Father and son estrangement? Check! Interracial marriage? Check! LGBTQ+ characters? Check! Three-legged dog? Check! Okay, now let’s go adventuring! Yayyyy-ah-awwwn… Zzz.
Yes, the new Disney animated flick, Strange World, checks most of the current culture’s “woke” boxes, but the filmmakers forgot that diversity alone does not a good movie make. I’m a pretty “liberal” guy and I was really looking forward to this film, but what a disappointment.
If you are like me and you were hoping for an old school pulp-magazine styled sci-fi adventure, you’ll find that was all just an on-the-surface gimmick that doesn’t go much beyond a cool-looking movie poster.
Jaeger Clade (Dennis Quaid) is the world’s greatest adventurer, even though that world only exists of a valley encased by mountains that no one has ever been past. While on a mission to make it to the other side of said mountains, Jaeger’s son, Searcher (Jake Gyllenhaal), gives up on his old man’s passion project and returns home with a glowing plant he found.

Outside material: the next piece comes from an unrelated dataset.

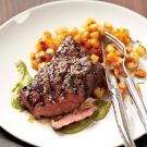 Transfer the steaks to a cutting board and baste with the butter mixture. Cover loosely with foil and let rest for about 10 minutes before slicing or serving. Serve the steaks with the butternut squash and rutabaga hash and the chimichurri alongside. Serves 4.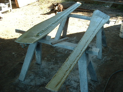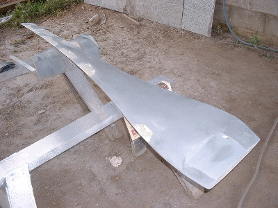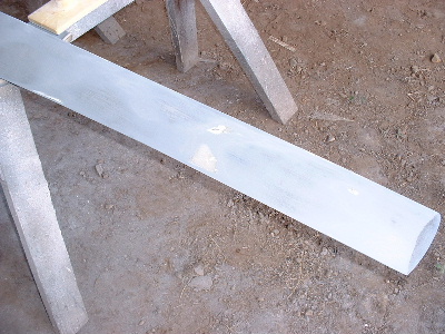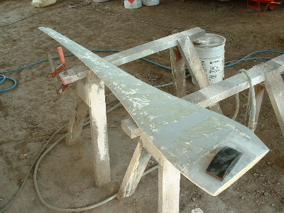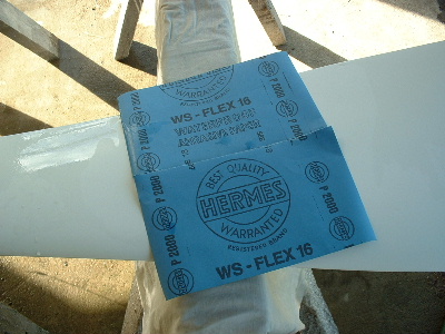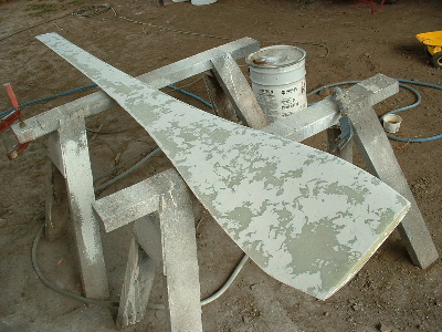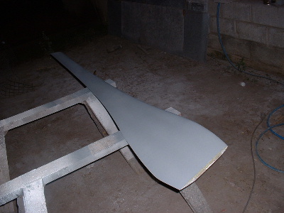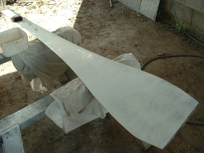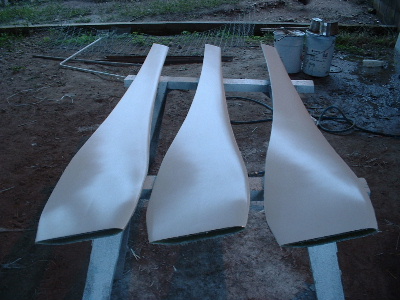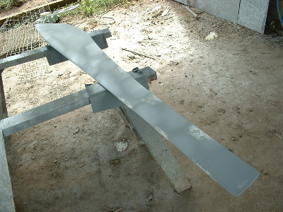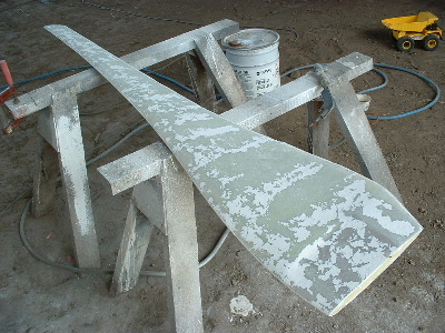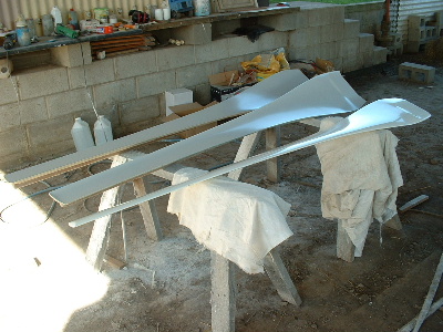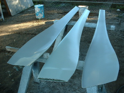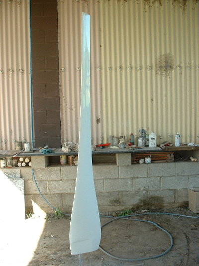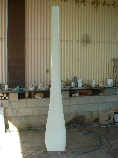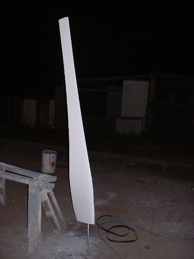Been very busy with this big blade. Plenty of sanding and filler, & filler & sanding. (Even the Torture Board). More primer/filler. More sanding. Nearing the end where it gets real hard to pick the surface variations, we use a light dusting of black paint to highlight low & high areas as it is sanded off. It is now painted with white 2 pack paint. Several days (should be 1 week) for this to harden enough so not to have any reaction with the fibreglass moulding.

The mysterious plant, called Pando, revives the quiet valley and turns it into a utopia for everyone (unless you hate farming.) Until one day the plants start sputtering out and Searcher’s old friends show up to enlist his help in saving the city by literally going to the root source of the problem, deep within the earth (or wherever this Strange World is located.)
Sleep-inducing silliness ensues as Searcher’s son (Jaboukie Young-White), stows away onboard the mission’s slightly Steampunk aircraft, and Searcher’s wife (Gabrielle Union) shows up too, saving them all from an early demise.
Sure, it’s Disney, but I was hoping for something a little more hard-boiled than the soft, pink, cotton-candy-cutesy, “My Little Pony-ish” place this movie takes you to. It’s not inventive, it’s just fluffy and boring. I can’t imagine kids being able to stay awake and patient through the 102 minutes of this film – for sure I couldn’t.